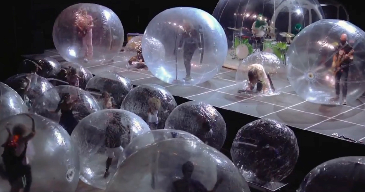 Coronavirüs salgını öncesinde de grubun solisti Wayne Coyne tarafından konserlerde kullanılan, dev hamster balonu böylelikle tecrit amaçlı kullanılmış oldu.
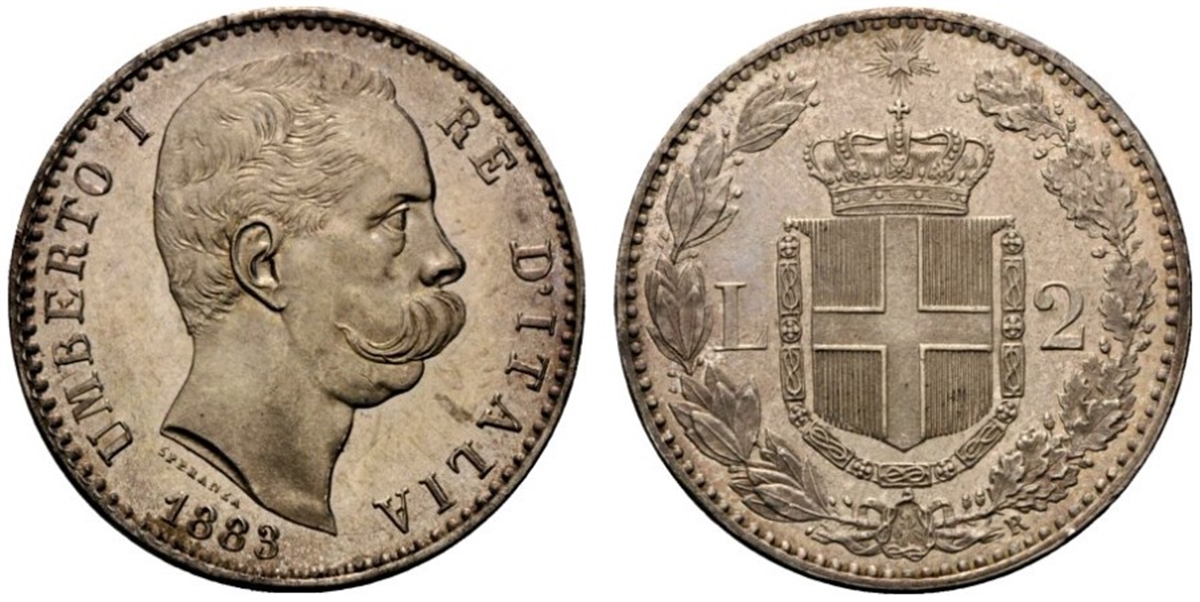 Umberto I, 1878-1900. 2 Lire 1883 Roma, I° Tipo.
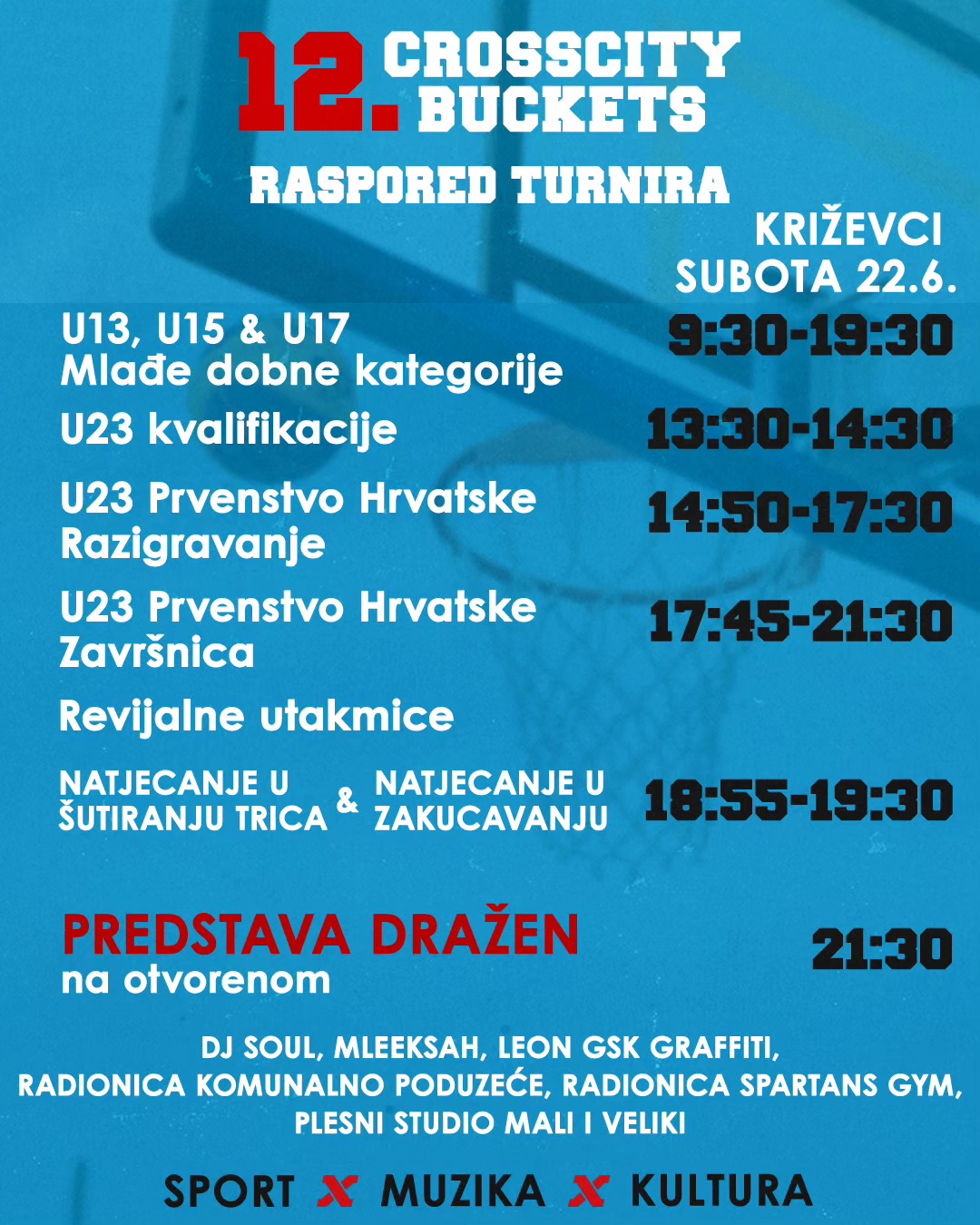 “Od 9:30 do 18 sati igra se isključivo košarka, a od 18 sati krećemo i s dvije radionice Komunalnog poduzeća Križevci i Spartans Gyma. Pored terena bit će i radionica crtanja grafita, koju će provoditi član popularne udruge Graffiti Na Gradele. Kako bi ostalo sve u urbanom stilu kojeg zagovaramo kroz sve godine turnira, imat ćemo i nastupe plesne skupine Mali i veliki koji su pripremili posebne točke, dok nam od izvođača dolazi Mleeksah, koji je osvojio Red Bull Clash i izdao prvi album. Na turniru će promovirati album, ali i uključiti publiku koja će moći direktno sudjelovati u freestyleu i hip-hop umjetnosti. Imat ćemo i novog voditelja, uz našeg stalnog Ivana Mušleka koji je godinama jedan od spikera, priključit će mu se i popularni reper Kandžija, koji također priprema novi album, ali će ovaj puta, umjesto pjevanja, biti sukomentator. Najavljujemo i treći mikrofon na spikerskoj poziciji, jedno izuzetno ugledno ime u ovom svijetu, ali to ćemo sačuvati kao veliko iznenađenje.”
· · · · ·
Once the pictures are set aside, give the listing again word for word.

→ **Response**:
 Coronavirüs salgını öncesinde de grubun solisti Wayne Coyne tarafından konserlerde kullanılan, dev hamster balonu böylelikle tecrit amaçlı kullanılmış oldu.
 Umberto I, 1878-1900. 2 Lire 1883 Roma, I° Tipo.
 “Od 9:30 do 18 sati igra se isključivo košarka, a od 18 sati krećemo i s dvije radionice Komunalnog poduzeća Križevci i Spartans Gyma. Pored terena bit će i radionica crtanja grafita, koju će provoditi član popularne udruge Graffiti Na Gradele. Kako bi ostalo sve u urbanom stilu kojeg zagovaramo kroz sve godine turnira, imat ćemo i nastupe plesne skupine Mali i veliki koji su pripremili posebne točke, dok nam od izvođača dolazi Mleeksah, koji je osvojio Red Bull Clash i izdao prvi album. Na turniru će promovirati album, ali i uključiti publiku koja će moći direktno sudjelovati u freestyleu i hip-hop umjetnosti. Imat ćemo i novog voditelja, uz našeg stalnog Ivana Mušleka koji je godinama jedan od spikera, priključit će mu se i popularni reper Kandžija, koji također priprema novi album, ali će ovaj puta, umjesto pjevanja, biti sukomentator. Najavljujemo i treći mikrofon na spikerskoj poziciji, jedno izuzetno ugledno ime u ovom svijetu, ali to ćemo sačuvati kao veliko iznenađenje.”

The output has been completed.